# Royal Dragoon Guards



## Medvedya (May 18, 2005)

A dedicated elite body of men - tough and professional - One of the army's oldest regiments, originating in 1685 from Troops of Horse raised by King James II.

However - when they're off duty........

http://www.putfile.com/media.php?n=way_to_armadillo


----------



## plan_D (May 18, 2005)

Awesome.

The insurgency doesn't stand a chance when you've got men with organisation like that against 'em.


----------



## FLYBOYJ (May 18, 2005)

Great!


----------



## Medvedya (May 18, 2005)

The video was popular - very popular. In fact it did this!

http://news.bbc.co.uk/2/hi/uk_news/4554083.stm


----------



## cheddar cheese (May 18, 2005)

Wow, brilliant


----------



## Nonskimmer (May 18, 2005)

Awesome!


----------



## trackend (May 18, 2005)

It just goes to show how muffed up the MOD's kit is if even Tony Christie can knacker it


----------



## BombTaxi (May 18, 2005)

Ha, Id seen that but didnt realise it was the Dragoons!

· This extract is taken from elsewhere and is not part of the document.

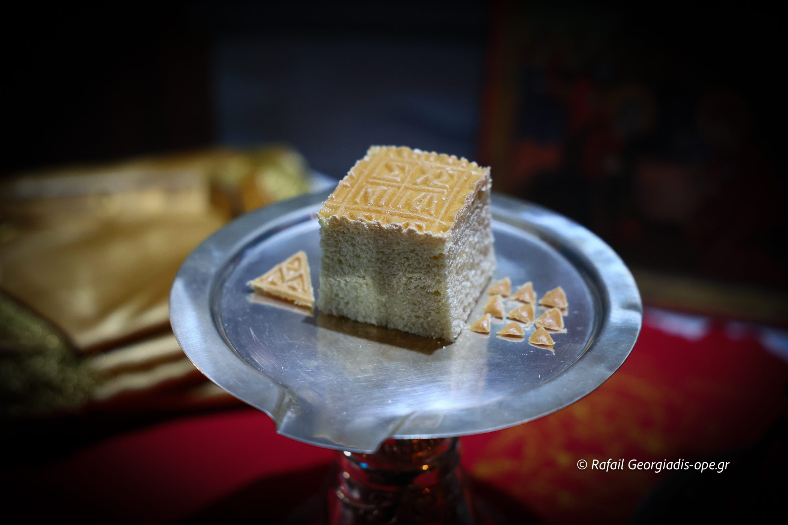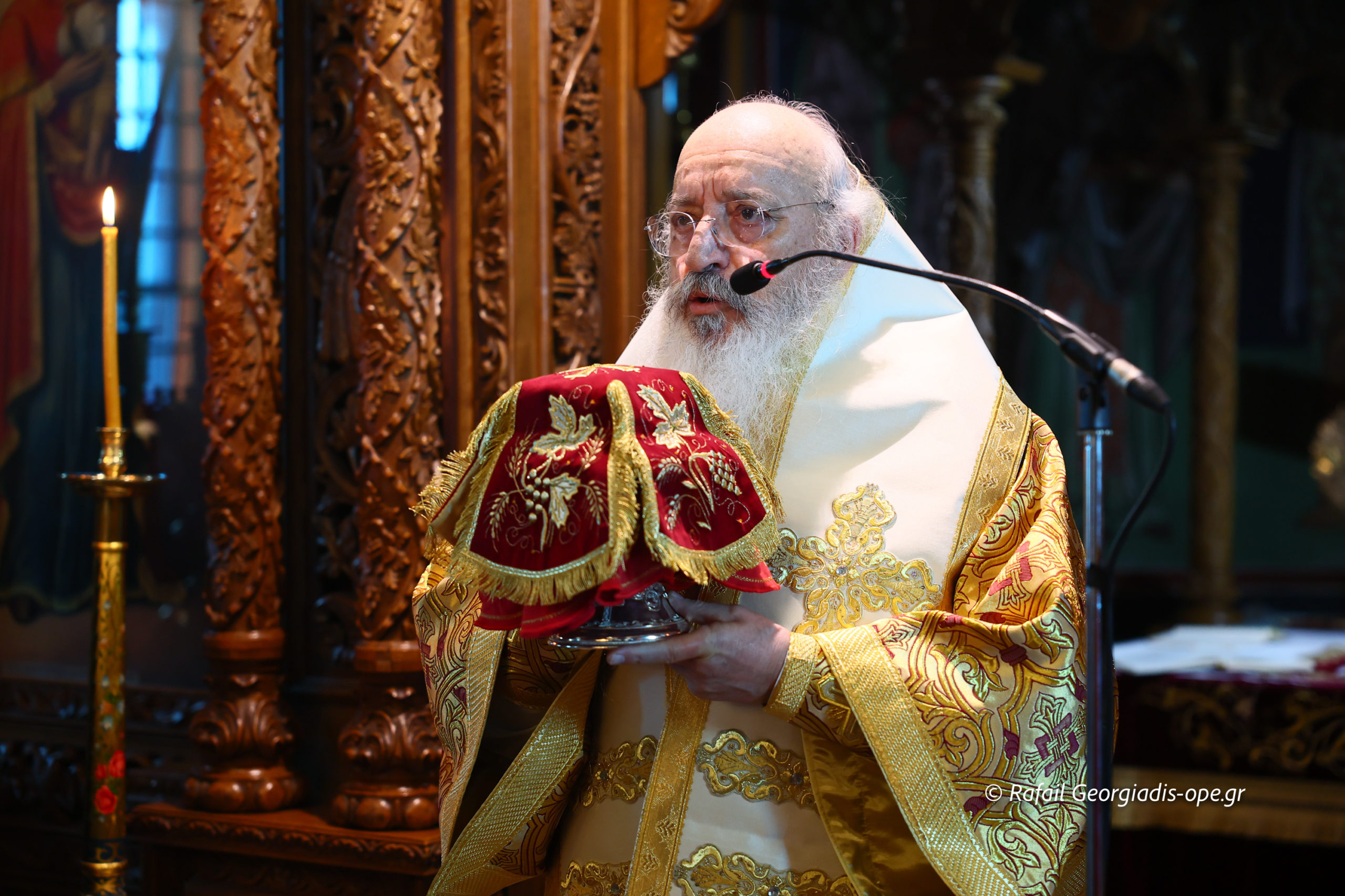 Σήμερα θα ήθελα, ενώπιον όλων σας, να του προσφέρω ένα επιγονάτιο, το οποίο συμβολίζει το λέντιον του Χριστού. Όπως ο Κύριός μας, κατά το βράδυ του Ιερού Νιπτήρος, έζωσε τον εαυτό Του με το λέντιον και έσκυψε με ταπείνωση να νίψει τα πόδια των μαθητών Του, έτσι και ο πατήρ Ιάκωβος, ζωσμένος με το λέντιον της διακονίας, διακονεί με αγάπη και αυταπάρνηση την ενορία του και κάθε πιστό χριστιανό.

Just goes to show what an elite training does for you!


----------



## the lancaster kicks ass (May 19, 2005)

yeah that's brilliant..........


----------



## the lancaster kicks ass (May 28, 2005)

even my mum liked it!!


----------



## evangilder (May 28, 2005)

Somehow I missed this one on the first go round. Pretty cool. Amazing what bored soldiers can come up with.


----------